Manuale per farsi lasciare da un uomo.

103. Non avere bisogno di lui

Perché un uomo decide di prendere una compagna tutta per sé?

Considerato che la sua natura di natura di animale promiscuo lo porterà per tutta la vita a rimirare, con un sospiro, l’erba dei giardini del suo prossimo, ci siamo imbattuti in un interrogativo di non facile soluzione.

In risposta a questa annosa domanda, può forse venirci in soccorso la saggezza popolare, celata stavolta nelle canzonette di successo.

“Cercavo in te la tenerezza che non ho”, si diceva nell’immortale “Insieme a te non ci sto più”;

e può darsi che questo sia assolutamente vero.

Un altro indizio ce lo fornisce, probabilmente, Roberto Vecchioni:

“Voglio una donna con la gonna, gonna, gonna”;

e a meno che non si riferisca letteralmente a un capo di abbigliamento per  quale nutra una preferenza feticistica, cosa della quale dubitiamo, crediamo di avere finalmente la chiave per sciogliere l’enigma.

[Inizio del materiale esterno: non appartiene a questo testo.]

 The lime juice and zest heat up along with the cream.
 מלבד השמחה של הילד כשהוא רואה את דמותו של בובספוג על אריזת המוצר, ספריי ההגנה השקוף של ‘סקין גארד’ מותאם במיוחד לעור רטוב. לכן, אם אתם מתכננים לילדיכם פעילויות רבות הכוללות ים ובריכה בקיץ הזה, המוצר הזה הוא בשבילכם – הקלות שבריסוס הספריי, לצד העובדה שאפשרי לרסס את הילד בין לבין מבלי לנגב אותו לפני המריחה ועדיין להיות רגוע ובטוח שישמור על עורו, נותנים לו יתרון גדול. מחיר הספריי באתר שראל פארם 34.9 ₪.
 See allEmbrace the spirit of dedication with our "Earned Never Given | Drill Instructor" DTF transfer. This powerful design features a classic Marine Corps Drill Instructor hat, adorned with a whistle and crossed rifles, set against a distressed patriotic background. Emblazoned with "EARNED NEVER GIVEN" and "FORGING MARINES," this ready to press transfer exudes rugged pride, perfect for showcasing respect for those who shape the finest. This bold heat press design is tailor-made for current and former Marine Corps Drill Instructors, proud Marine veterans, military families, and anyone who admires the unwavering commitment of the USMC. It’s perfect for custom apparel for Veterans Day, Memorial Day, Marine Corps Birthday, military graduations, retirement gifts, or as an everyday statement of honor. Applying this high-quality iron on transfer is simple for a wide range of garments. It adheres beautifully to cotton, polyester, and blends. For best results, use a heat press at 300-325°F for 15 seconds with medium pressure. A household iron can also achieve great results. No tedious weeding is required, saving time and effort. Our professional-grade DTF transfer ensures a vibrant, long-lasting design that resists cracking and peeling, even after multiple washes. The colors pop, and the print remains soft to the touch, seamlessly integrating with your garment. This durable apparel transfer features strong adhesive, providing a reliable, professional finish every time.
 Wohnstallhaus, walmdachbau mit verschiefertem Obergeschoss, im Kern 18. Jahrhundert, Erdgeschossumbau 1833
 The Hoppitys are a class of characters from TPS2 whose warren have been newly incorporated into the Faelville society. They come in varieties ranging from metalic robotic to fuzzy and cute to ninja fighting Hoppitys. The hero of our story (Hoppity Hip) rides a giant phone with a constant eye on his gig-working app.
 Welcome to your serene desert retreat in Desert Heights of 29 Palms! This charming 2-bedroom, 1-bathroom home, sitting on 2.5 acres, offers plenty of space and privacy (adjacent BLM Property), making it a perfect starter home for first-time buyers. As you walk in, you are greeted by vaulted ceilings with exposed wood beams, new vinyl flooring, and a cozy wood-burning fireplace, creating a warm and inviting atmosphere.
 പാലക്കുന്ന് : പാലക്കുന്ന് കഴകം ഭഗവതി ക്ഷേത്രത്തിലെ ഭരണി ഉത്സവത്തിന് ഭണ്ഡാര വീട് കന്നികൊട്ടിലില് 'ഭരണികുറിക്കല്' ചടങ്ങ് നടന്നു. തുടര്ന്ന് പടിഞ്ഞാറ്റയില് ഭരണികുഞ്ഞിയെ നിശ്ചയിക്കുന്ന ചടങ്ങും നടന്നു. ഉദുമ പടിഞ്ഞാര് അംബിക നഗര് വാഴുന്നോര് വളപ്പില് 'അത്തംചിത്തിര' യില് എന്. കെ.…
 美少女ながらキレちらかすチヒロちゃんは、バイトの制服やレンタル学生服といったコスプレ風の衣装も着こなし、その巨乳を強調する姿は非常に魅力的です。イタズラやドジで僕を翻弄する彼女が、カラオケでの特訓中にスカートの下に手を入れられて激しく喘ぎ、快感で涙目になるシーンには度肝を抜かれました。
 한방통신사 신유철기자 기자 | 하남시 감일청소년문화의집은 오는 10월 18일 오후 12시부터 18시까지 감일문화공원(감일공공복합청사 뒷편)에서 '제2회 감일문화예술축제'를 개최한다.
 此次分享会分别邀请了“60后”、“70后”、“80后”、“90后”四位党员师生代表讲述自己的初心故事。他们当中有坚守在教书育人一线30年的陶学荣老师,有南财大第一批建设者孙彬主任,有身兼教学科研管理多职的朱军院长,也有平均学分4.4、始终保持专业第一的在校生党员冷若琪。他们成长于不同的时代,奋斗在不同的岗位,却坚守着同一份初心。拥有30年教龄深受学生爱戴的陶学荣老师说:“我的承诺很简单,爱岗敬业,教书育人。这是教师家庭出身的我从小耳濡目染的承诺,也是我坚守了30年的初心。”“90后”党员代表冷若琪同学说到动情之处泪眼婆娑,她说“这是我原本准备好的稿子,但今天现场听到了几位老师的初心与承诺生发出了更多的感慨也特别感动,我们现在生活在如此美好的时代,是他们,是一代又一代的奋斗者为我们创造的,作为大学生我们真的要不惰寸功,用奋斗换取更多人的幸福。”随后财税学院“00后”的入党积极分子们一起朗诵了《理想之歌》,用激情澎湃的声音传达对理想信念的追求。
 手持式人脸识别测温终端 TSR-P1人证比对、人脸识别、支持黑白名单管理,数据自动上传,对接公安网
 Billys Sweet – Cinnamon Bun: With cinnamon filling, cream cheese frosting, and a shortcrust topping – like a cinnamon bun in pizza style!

Gli uomini, vogliono le donne.

Hanno desiderio e bisogno di una creatura femminile;

capace di essere ricettiva, accogliente, morbida, affettuosa, capace di mostrarsi bisognosa di calore e protezione.

Proprio quello, in fondo, di cui noi non siamo capaci, e che cerchiamo nell’altra metà della mela.

Purtroppo, i tempi moderni hanno portato con sé, oltre all’emancipazione femminile, anche la sua immediata conseguenza:

una fuga precipitosa da ruoli dei quali non si capiva più la ragione d’essere, figurarsi poi se se ne sentiva ancora l’esigenza;

e, smantellati i vecchi punti di riferimento, in assenza, o in attesa (forse, perpetua) di quelli nuovi, stiamo tutti qui spaesati a cercare di arrabattarci meglio che possiamo.

Vale a dire:

male.

Le nuove generazioni ci hanno portato donne non già emancipate, ma al contrario, bisognose più di prima, senza possibilità di scendere in mare con il salvagente della tradizione, e al tempo stesso dure, irrisolte, chiuse, incapaci di chiedere sia scusa che aiuto.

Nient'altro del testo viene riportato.